Thirty years ago, in a moment of euphoria, we may have thought that history had vindicated the cause of freedom, especially religious freedom. Today, we must recall, daily, the motto on the Korean War Veterans Memorial, a mile or so from where we meet tonight: “Freedom Is Never Free.” To which we might add, freedom is never secure: freedom must be earned anew, in every generation, if we are, as President Kennedy pledged at the inaugural on January 20, 1961, “to secure the blessings of liberty to ourselves and our posterity.”
That is why the Religious Freedom Institute, under whose auspices we gather tonight, is such an important and welcome initiative: important, because of the nature of the cause, which is the defense of the first freedom; welcome, because of the immense wealth of talent and experience that RFI brings to its work, here and around the world.

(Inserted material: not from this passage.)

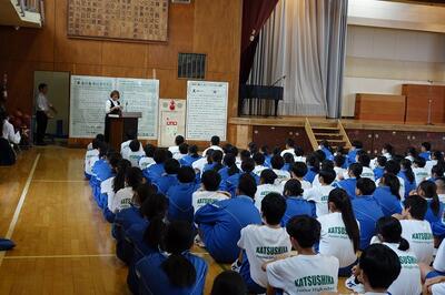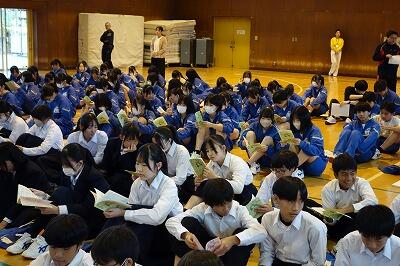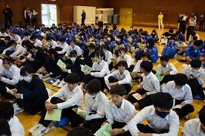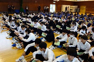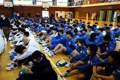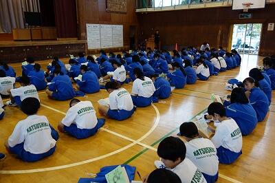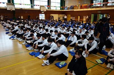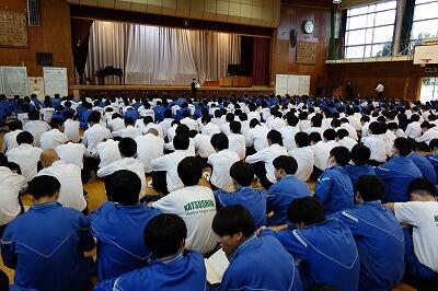 明日の合唱祭を前に、全校合唱の練習と、合唱祭前の集会が開かれました。明日の合唱祭、テーマは「精一杯の僕らの歌声 響かせろ葛中魂 Top of the world」です。生徒のみなさん、全力でがんばってください!保護者の皆様、どうぞご期待ください!

And that is why a leader like Archbishop Chaput is so important: because, in that ongoing struggle to secure the blessings of liberty to ourselves and our posterity, some must lead – some must take the heat, some must endure the slings and arrows of the critics, some must say, “Here is where we must go,” and then take the point, summoning other to follow.
There is much work to do. History is not over, and, to repeat, freedom is never free. So as we gather strength tonight for the task ahead, let us also remember, on this stirring anniversary, that the good guys sometimes win. More urgently, let us remember that the Lord always wins. Because whether we understand his ways or not, we may be reassured by the words of St. John Henry Newman: “He knows what he is about.”
George Weigel is Distinguished Senior Fellow of Washington’s Ethics and Public Policy Center, where he holds the William E. Simon Chair in Catholic Studies.